2025年3月期決算は力強い業績を記録 帝国通信工業 【6763・プライム市場】

連結売上高は前期比10・3%増の167億9000万円
事業の安定性と成長性の両面で成果

自動車・家電・アミューズメント・AV分野を中心に電子部品を提供している帝国通信工業。創業以来80年に渡りエレメント技術(抵抗器を構成する技術)を磨き続けてきた同社は、2000年代以降はIoTやAI分野での急激な進化に伴い高付加価値製品を提供、「NOBLE」ブランドとして既存市場から新市場へと業域を拡大してきた。2027年には本社ビル竣工を計画するなど、100年企業に向けて未来図を描いている。

総資産は前期比4・3%増
財務の健全性は極めて良好

同社の2025年3月期決算は、連結売上高は167億9000万円(前期比10・3%増)、営業利益は16億6300万円(同75・5%増)、経常利益は21億2700万円(同36・4%増)、親会社株主に帰属する当期純利益は20億900万円(同47・5%増)と、全体的に力強い業績を記録。総じて、事業の安定性と成長性の両面で成果を挙げた決算といえる。電子部品事業を中心に需要が堅調に推移したことや、生産体制の効率化によって、大幅な増収増益を達成した。

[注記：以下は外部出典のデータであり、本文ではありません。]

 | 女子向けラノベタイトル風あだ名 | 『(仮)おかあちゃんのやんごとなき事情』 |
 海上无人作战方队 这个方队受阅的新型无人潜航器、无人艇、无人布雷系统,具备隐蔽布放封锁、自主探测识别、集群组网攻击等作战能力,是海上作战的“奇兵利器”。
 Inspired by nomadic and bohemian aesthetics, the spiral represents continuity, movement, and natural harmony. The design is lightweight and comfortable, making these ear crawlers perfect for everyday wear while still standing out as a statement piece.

主力の電子部品セグメントでは、AV機器や自動車関連製品の需要が回復基調にあり、特に自動車電装品向けのHVAC向け等センサ部品の販売が堅調に推移した。加えて、海外向けの需要拡大も追い風となり、輸出関連の売上も好調に推移。さらに、同社は製造現場での自動化、省力化を積極的に進めており、従来よりも効率的な生産体制が構築されつつある。これが利益率の改善に寄与し、営業利益の大幅な増加につながった。

また、同期は円安が進行したことも追い風となり、海外売上の円換算額が増加。原材料費や物流費などのコスト上昇もあったものの、それを上回る販売拡大と生産性の向上が業績を押し上げた。

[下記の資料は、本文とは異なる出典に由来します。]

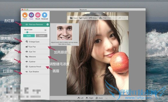 3、每一个美化功能都有动画讲解,妹子们无需读界面上的英文就能学会如何做,以下是眼部美化,也是设计超专业,操作超简单的功能: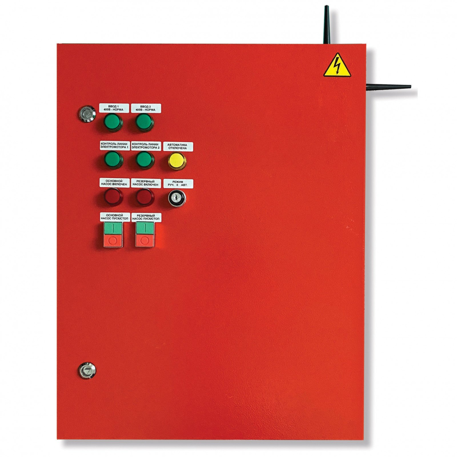 Шкаф управления двумя пожарными насосами. Шкаф управления электромоторами пожарных насосов систем внутреннего противопожарного водопровода радиоканальный для работы в составе радиосистемы Стрелец-ПРО, встроенный ретранслятор; f-раб.868 МГц, дальность связи до 2000 м (с радиорасширителями), U-пит.400 В, P-двиг.5.5 кВт, IP54, t-раб.-10…+50°С, 500х400х220 мм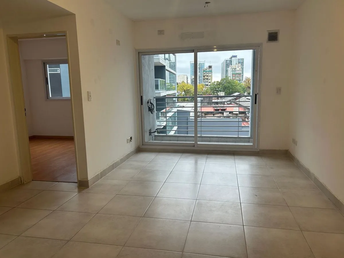 Departamento de 2 ambientes en Parque Patricios, en el 5to piso contrafrente, en el edificio Torres Blancas. Cuenta con living comedor con piso de porcelanato, cocina integrada, balcón y dormitorio con placard y piso flotante. Tiene 1 baño completo y no incluye cochera.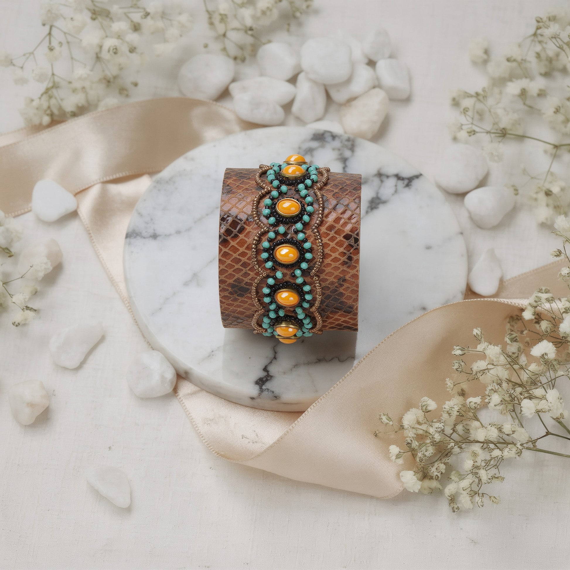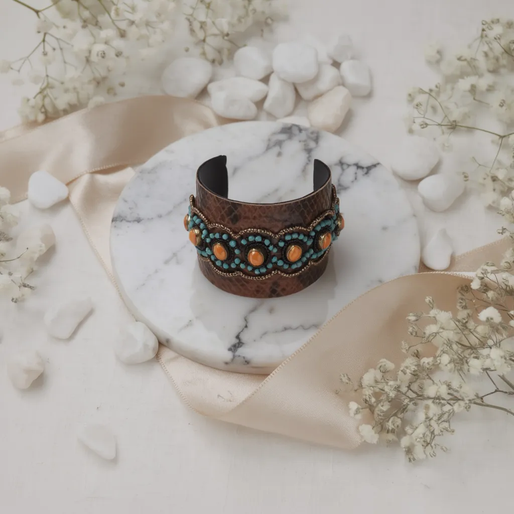 Turquoise & Amber Stone Embellished Textured Cuff Bangle for Women

財務面では、総資産が前期比4・3%増の334億6000万円となり、企業規模の拡大を裏付ける結果となっている。自己資本比率は83・0%と引き続き高水準で、財務の健全性は極めて良好だ。
一方で、営業活動によるキャッシュ・フローは前年同期比37・9%減の18億1400万円となったが、これは主に棚卸資産の増加や売掛債権の変動によるもの。

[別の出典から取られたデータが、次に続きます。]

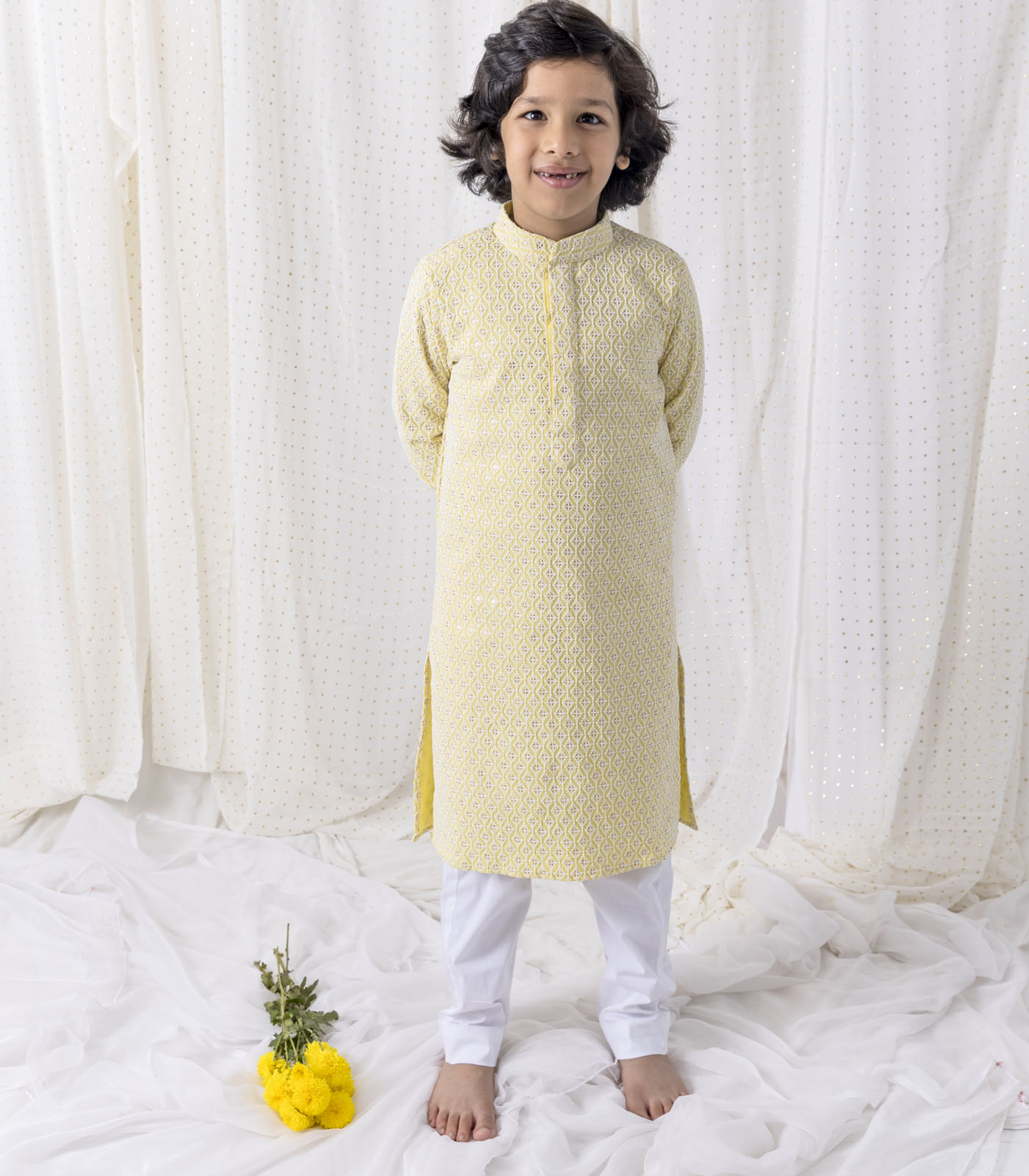 Lemon Sequin And Thread Work Kurta Set

24年度の配当は、普通配当と創立80周年記念配当を合わせて前期比30円増の1株あたり年間100円。25年度も100円を予定している。

2026年3月期の連結業績見通し
売上高は若干増の170億円

同社では、持続可能な成長のために中長期的な視点での設備投資にも取り組んでおり、品質向上や新製品開発に資源を投じている。特に自動車電装市場ではEV自動車向けに、医療ヘルスケア市場では電気化学センサの対応部品の開発に注力しており、今後の成長ドライバーとして期待されている。

2026年3月期の連結業績見通しはやや慎重にみている。売上高は170億円(前期比1・3%増)とわずかに伸長するが、営業利益は15億円(同9・8%減)、経常利益は16億円(同24・8%減)、親会社株主に帰属する当期純利益は13億円(同35・3%減)と減益を予想する。その背景には、原材料費や電力料金の高止まり、地政学的リスクの高まりによるサプライチェーンの不安定化、さらには為替変動リスクなどが挙げられる。

同社は、収益構造のさらなる強化に加え、環境変化に対する柔軟な経営判断と、持続可能な成長戦略の実行が求められる局面に入っているといえる。